In order to explain the code in this post, I decided to grab the top largest cities in the world as the data. You can find the data here
List of cities proper by population
Below is the SQL code to create a table and also the data to populate this table
create table #Temp( Rank int not null,
City varchar(100) not null,
Population int not null,
Density int not null,
Country varchar(100))
INSERT #Temp
SELECT 1,'Shanghai',24256800,3826,'China' union all
SELECT 2,'Karachi',23500000,6663,'Pakistan' union all
SELECT 3,'Beijing',21516000,1311,'China' union all
SELECT 4,'Lagos',21324000,18206,'Nigeria' union all
SELECT 5,'Delhi',16787941,11320,'India' union all
SELECT 6,'Tianjin',15200000,1293,'China' union all
SELECT 7,'Istanbul',14160467,2593,'Turkey' union all
SELECT 8,'Tokyo',13297629,6075,'Japan' union all
SELECT 9,'Guangzhou',13080500,1759,'China' union all
SELECT 10,'Mumbai',12478447,20680,'India' union all
SELECT 11,'Moscow',12197596,4859,'Russia' union all
SELECT 12,'São Paulo',11895893,7821,'Brazil' union all
SELECT 13,'Shenzhen',10467400,5256,'China' union all
SELECT 14,'Jakarta',10075310,15171,'Indonesia' union all
SELECT 15,'Seoul',10048850,17134,'South Korea'
Now that we have the data in our table, let's run a simple query to return the row with the most populous city in the world.

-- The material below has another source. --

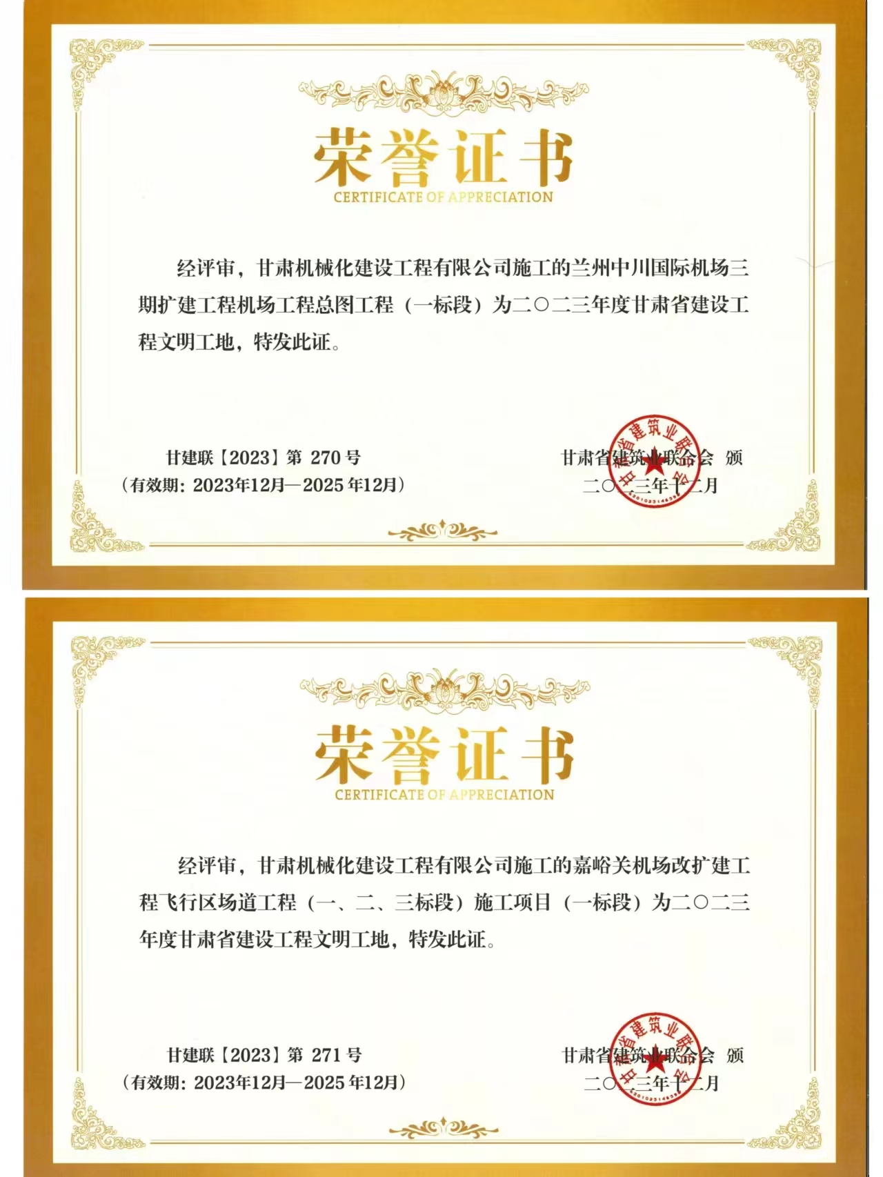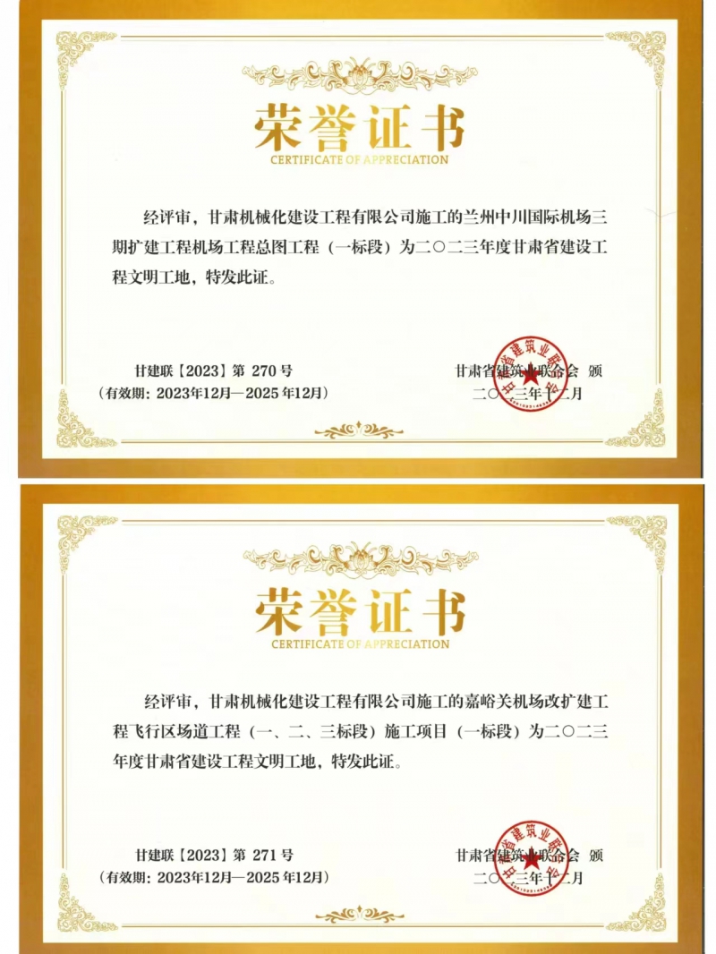 近日,我司承建的蘭州中川國際機(jī)場二期擴(kuò)建工程機(jī)場工程總圖工程 (一標(biāo)段)與嘉峪關(guān)機(jī)場改擴(kuò)建工飛行區(qū)場道(一、二、三標(biāo)段) 施工項(xiàng)目 (一標(biāo)段) 獲得2023年度甘肅省建設(shè)工程文明工地榮譽(yù)稱號(hào)。

You can accomplish this in SQL Server by using the TOP operator and ordering the data by population in descending order.
SELECT TOP 1 * FROM #Temp
ORDER BY population DESC
Here is the output from that query
Rank City Population Density Country
1 Shanghai 24256800 3826 China
What we want to do next is return one row the most populous city per country.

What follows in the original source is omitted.